### DATA FOR THIS EXERCISE
● ● ● ● ● ● ●

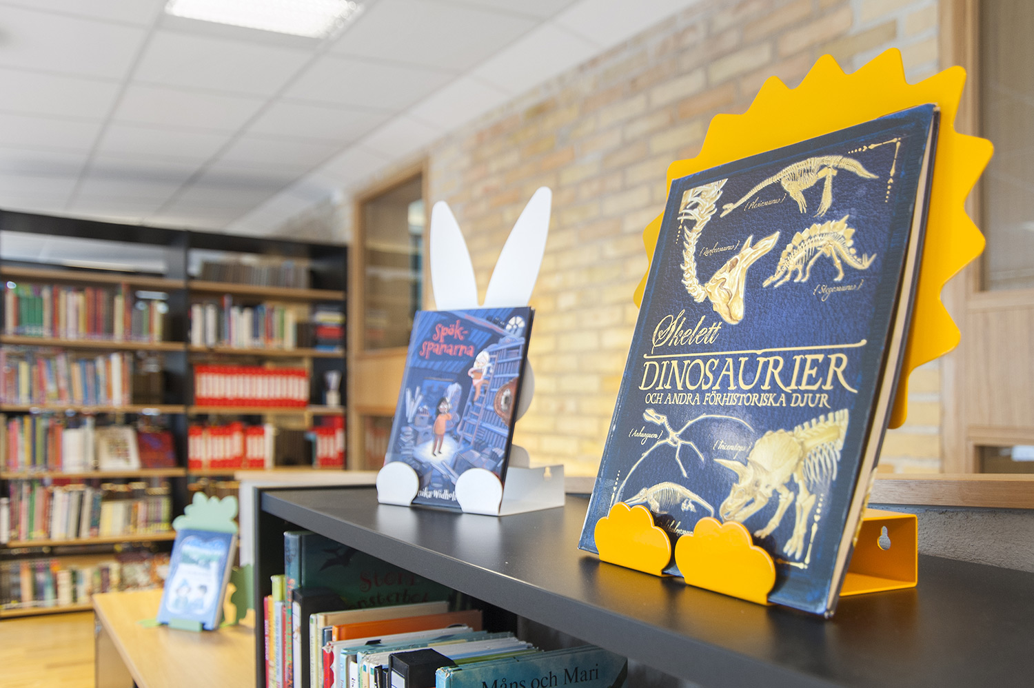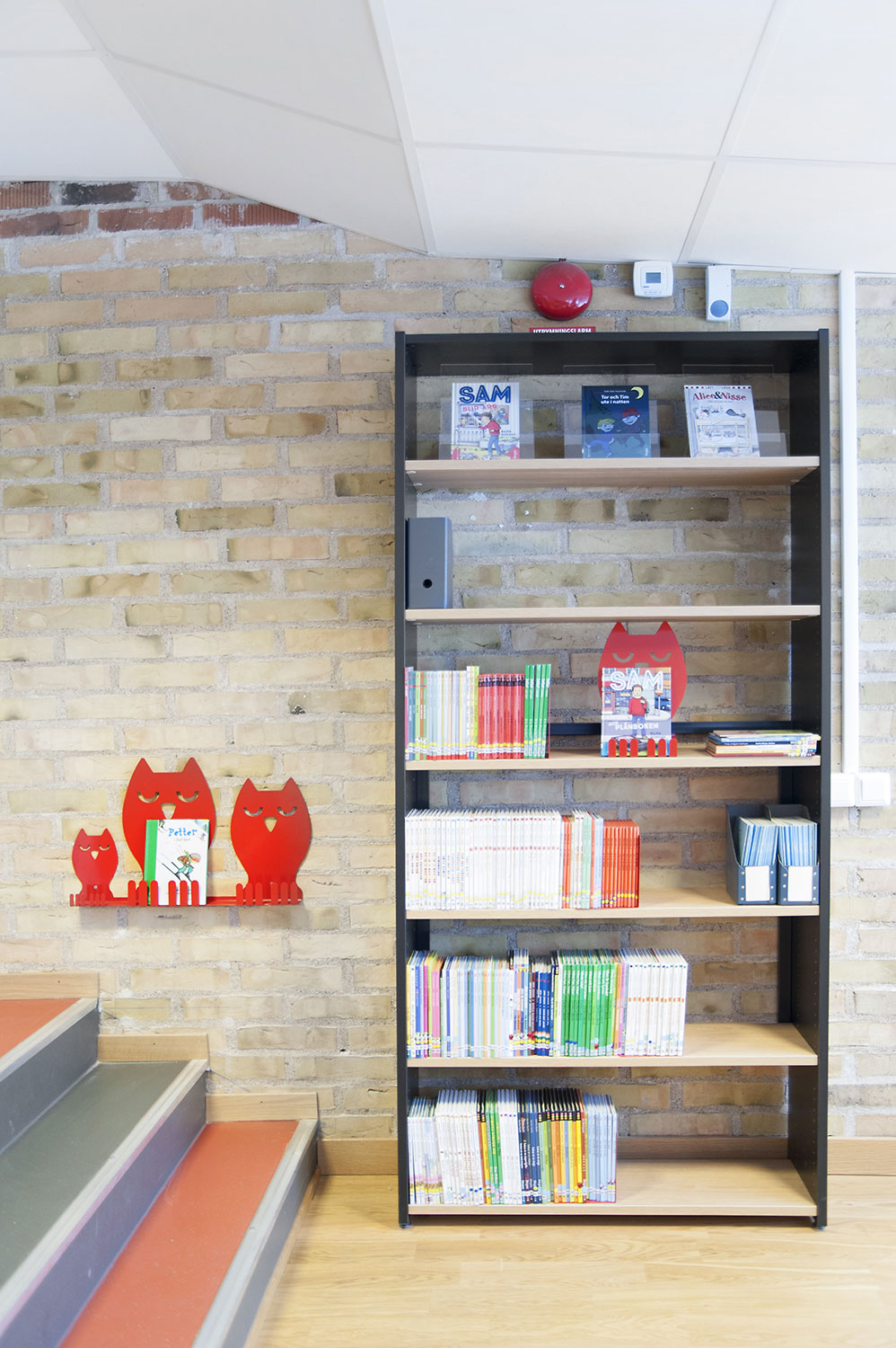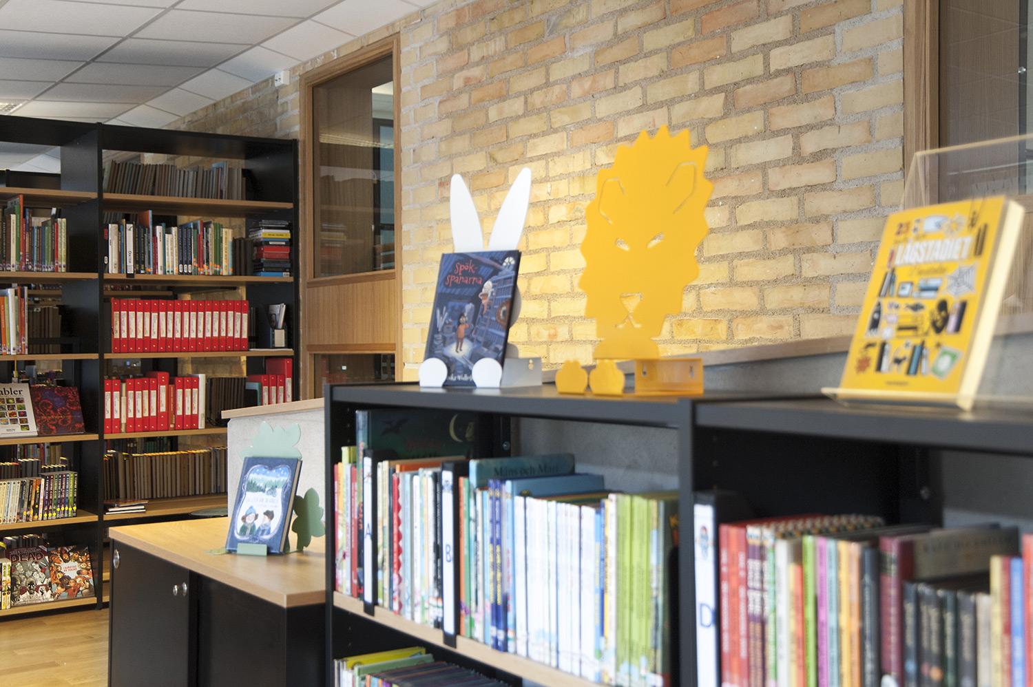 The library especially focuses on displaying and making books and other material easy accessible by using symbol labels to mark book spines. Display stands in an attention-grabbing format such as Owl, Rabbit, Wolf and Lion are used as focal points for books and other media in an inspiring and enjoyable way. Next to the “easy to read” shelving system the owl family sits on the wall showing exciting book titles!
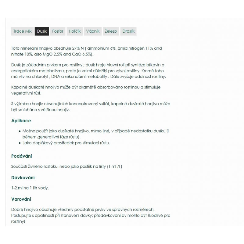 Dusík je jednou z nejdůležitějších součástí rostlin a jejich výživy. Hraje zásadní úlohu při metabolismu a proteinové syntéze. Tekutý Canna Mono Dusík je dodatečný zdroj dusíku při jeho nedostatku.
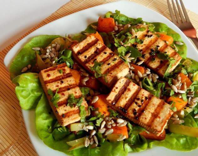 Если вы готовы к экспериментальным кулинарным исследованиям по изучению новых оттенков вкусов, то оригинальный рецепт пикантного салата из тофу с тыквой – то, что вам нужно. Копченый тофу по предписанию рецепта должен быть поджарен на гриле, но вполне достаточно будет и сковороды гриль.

● ● ● ● ● ● ●

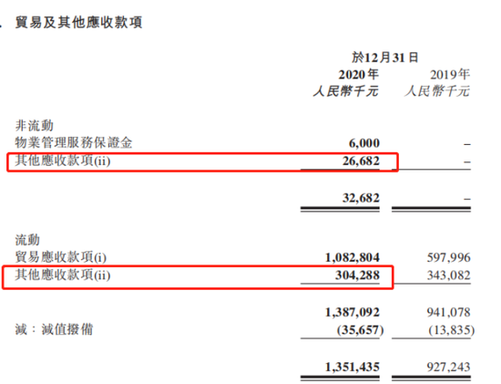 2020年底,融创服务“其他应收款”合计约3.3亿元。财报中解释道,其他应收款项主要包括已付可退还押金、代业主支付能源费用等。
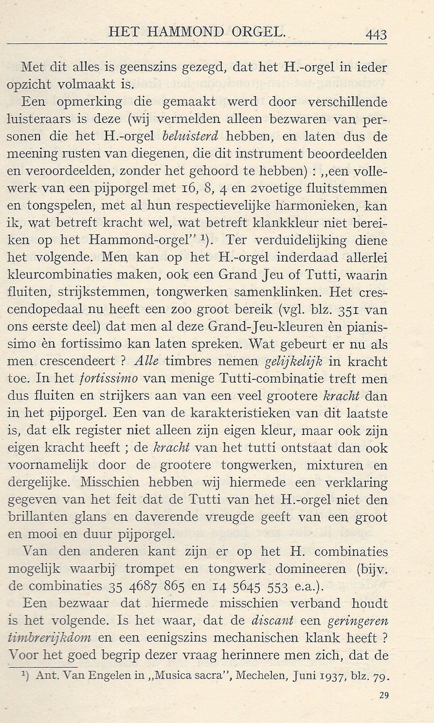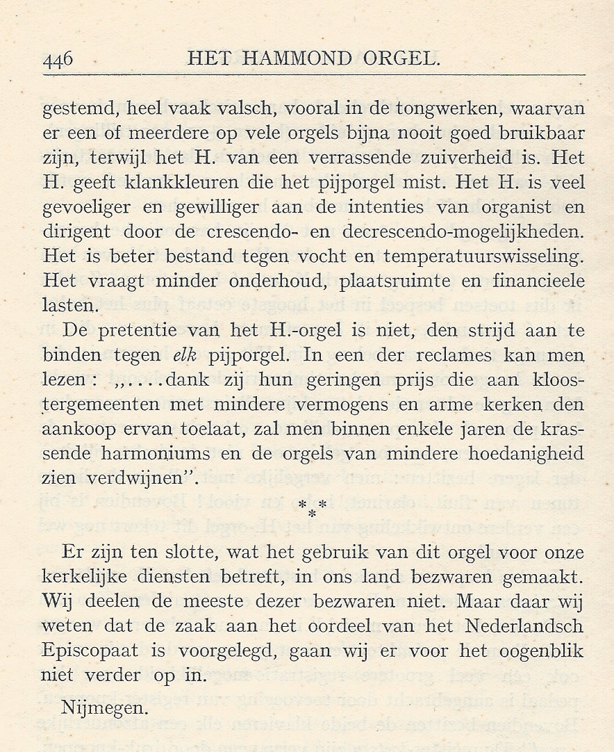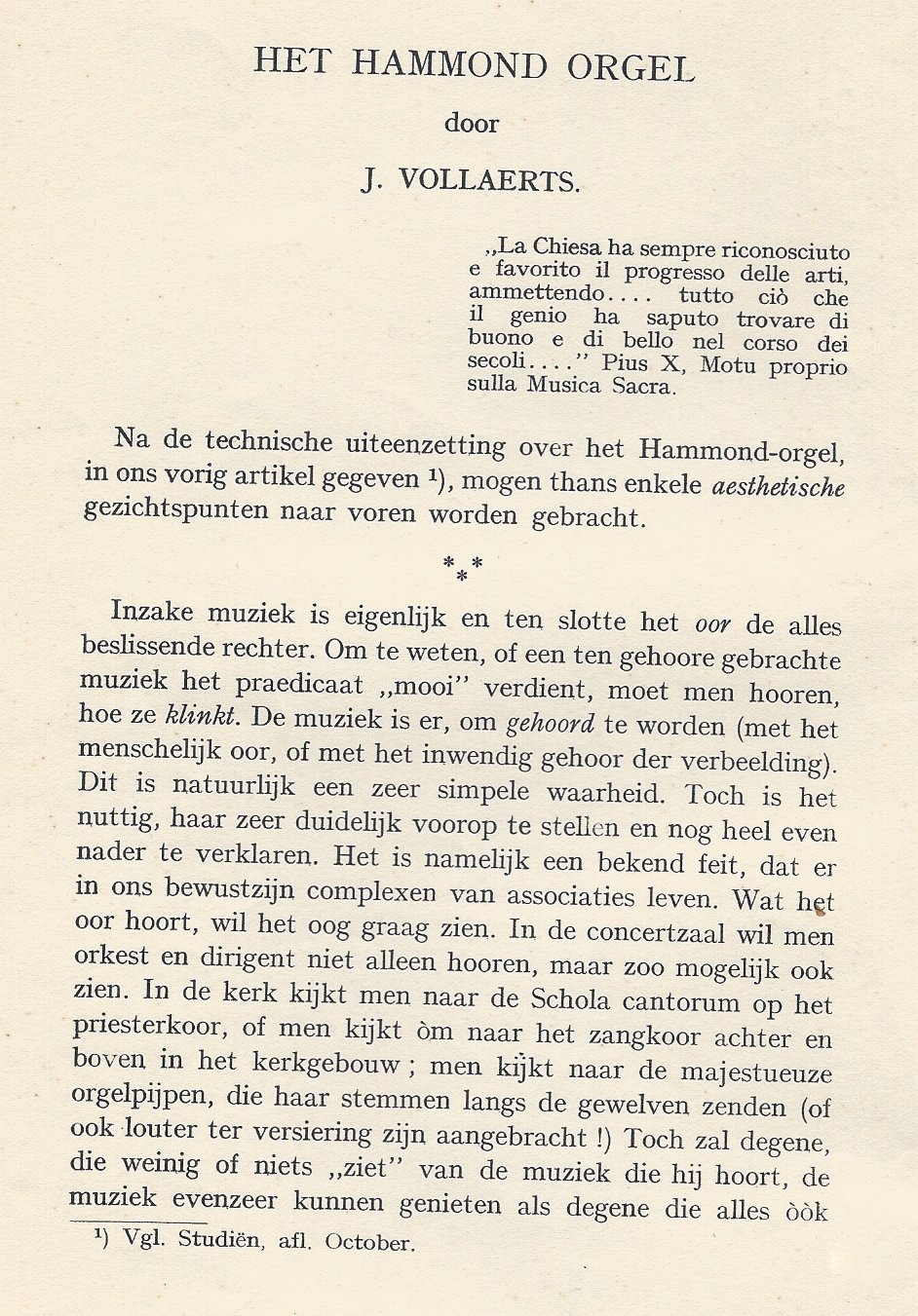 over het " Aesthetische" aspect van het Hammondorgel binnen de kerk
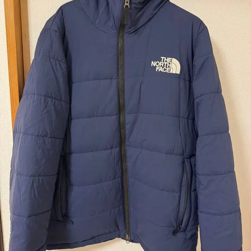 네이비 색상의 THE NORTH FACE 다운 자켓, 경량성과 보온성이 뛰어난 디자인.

● ● ● ● ● ● ●

### DIRECTIONS FOR THIS TASK
Above, find the line holding "binnen de kerk" and the line holding "네이비 색상의 THE". Print exactly those two lines and every line between them, but no pictures.

### SOLUTION TO THIS PROBLEM
 over het " Aesthetische" aspect van het Hammondorgel binnen de kerk
 네이비 색상의 THE NORTH FACE 다운 자켓, 경량성과 보온성이 뛰어난 디자인.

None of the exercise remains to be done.